Estes resultados indicam que escrever à mão pode desempenhar um papel importante nas primeiras etapas da aprendizagem da leitura. Mas porque pode a escrita manual facilitar esse processo?
Aprender a ler começa pelas letras
Aprender a ler é um processo gradual. Antes de conseguirem ler frases ou textos completos, as crianças precisam de desenvolver várias competências fundamentais. Uma das mais importantes consiste em compreender a relação entre as unidades da escrita e os sons da fala. Nos sistemas de escrita alfabéticos, os sons da fala (ou seja, os fonemas) são representados por unidades gráficas chamadas grafemas. Muitas vezes, um grafema corresponde a uma única letra e pode ser chamado de grafema simples, por exemplo, o som /n/ representado pela letra n. Noutras situações, pode ser formado por mais de uma letra: é grafema complexo, por exemplo, nh ou lh no português. Aprender estas correspondências permite às crianças transformar uma sequência de letras/grafemas numa palavra pronunciável.
Outra competência essencial é reconhecer, de forma rápida e automática, as palavras escritas. Quando um leitor experiente vê uma palavra familiar, não precisa de analisar cada letra: a palavra é identificada quase de imediato, num relance. Entre estes dois momentos existe um processo intermédio fundamental: a descodificação. Ao encontrar uma palavra nova, a criança tenta pronunciá-la, aplicando as correspondências entre grafemas e fonemas.

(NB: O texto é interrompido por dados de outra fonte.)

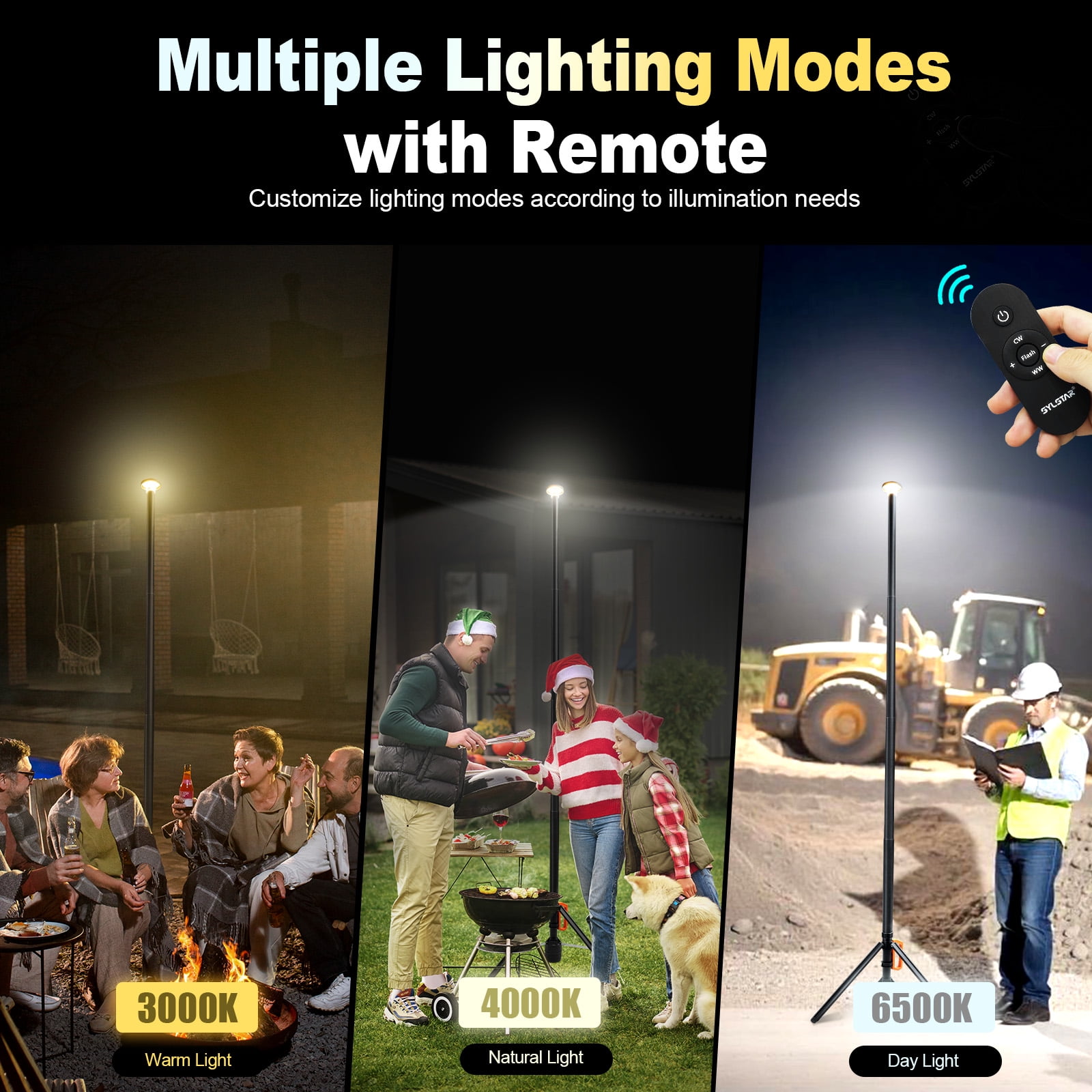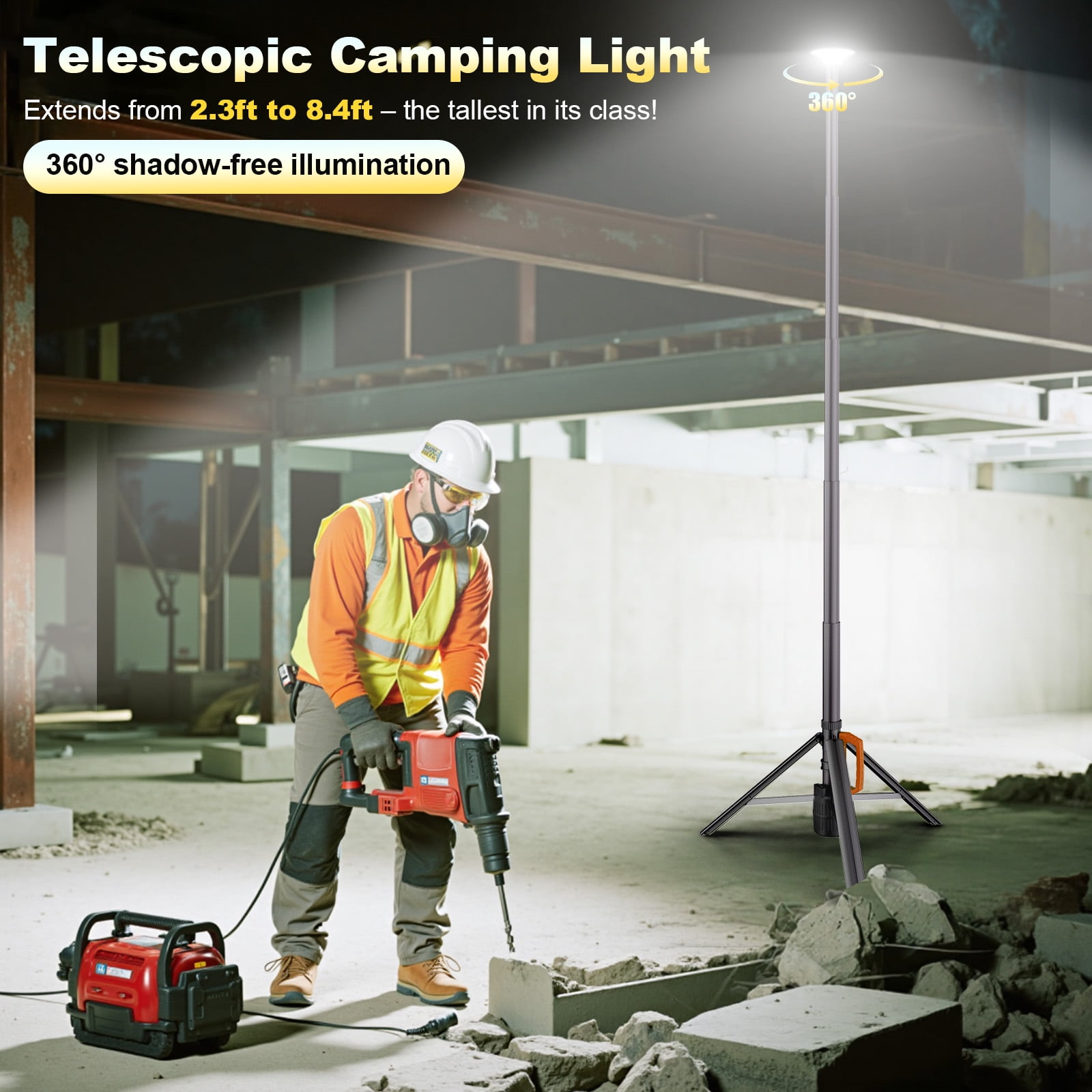 With its telescopic tripod pole, high-capacity battery, and multiple lighting modes, it’s the perfect choice for camping, outdoor sports, work sites, and emergency lighting.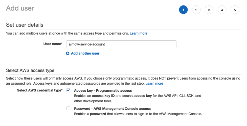 ถัดไปเราจะมาเริ่มแตะในส่วนของ Airflow กัน ซึ่งการที่จะให้ Airflow เชื่อมต่อไปยัง EMR ได้ เราจำเป็นต้องมี Service Account ก่อนครับ ดังนั้นเราจะไปสร้าง AWS User ขึ้นมา โดยให้เราไปที่ AWS Account ของเรา และตอนที่สร้าง User ให้เราเลือก Credential Type เป็น “Access Key – Programmatic Access”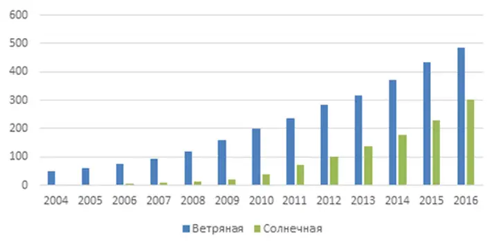 Мировые производственные мощности ветряной и солнечной энергетики, ГВт (2004-2016 годы)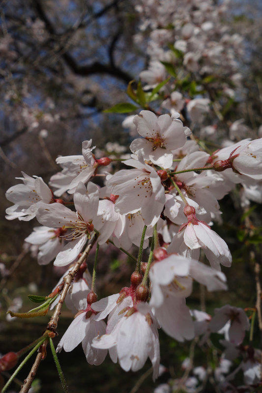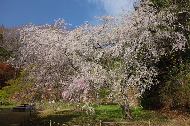 トイレのある東屋が面する園路を横切ると、さくら園となる。白いオオシマザクラやピンク色の枝垂れ桜が満開だ。

Quando a descodificação é bem-sucedida, a sequência de letras acaba transformada numa forma fonológica plausível da palavra, processo conhecido como recodificação fonológica.
Este mecanismo desempenha um papel central na aprendizagem da leitura. Sempre que uma criança descodifica uma palavra corretamente, reforça na memória a forma escrita dessa palavra. Este processo é muitas vezes descrito como mecanismo de autoensino, pelo qual as crianças vão aprendendo a forma escrita das palavras.
Com o tempo, estas experiências permitem construir representações ortográficas mais estáveis, isto é, representações mentais da forma escrita das palavras. Quanto mais vezes uma palavra é lida ou escrita, mais precisa se torna a sua representação. Com o tempo, o reconhecimento das palavras vai sendo mais rápido e automático, libertando assim recursos cognitivos que podem ser usados na compreensão do texto.
A escrita também contribui para aprender a ler
A escrita é muitas vezes considerada uma competência que surge depois da leitura. No entanto, vários estudos mostram que a escrita pode desempenhar um papel importante na aquisição da leitura.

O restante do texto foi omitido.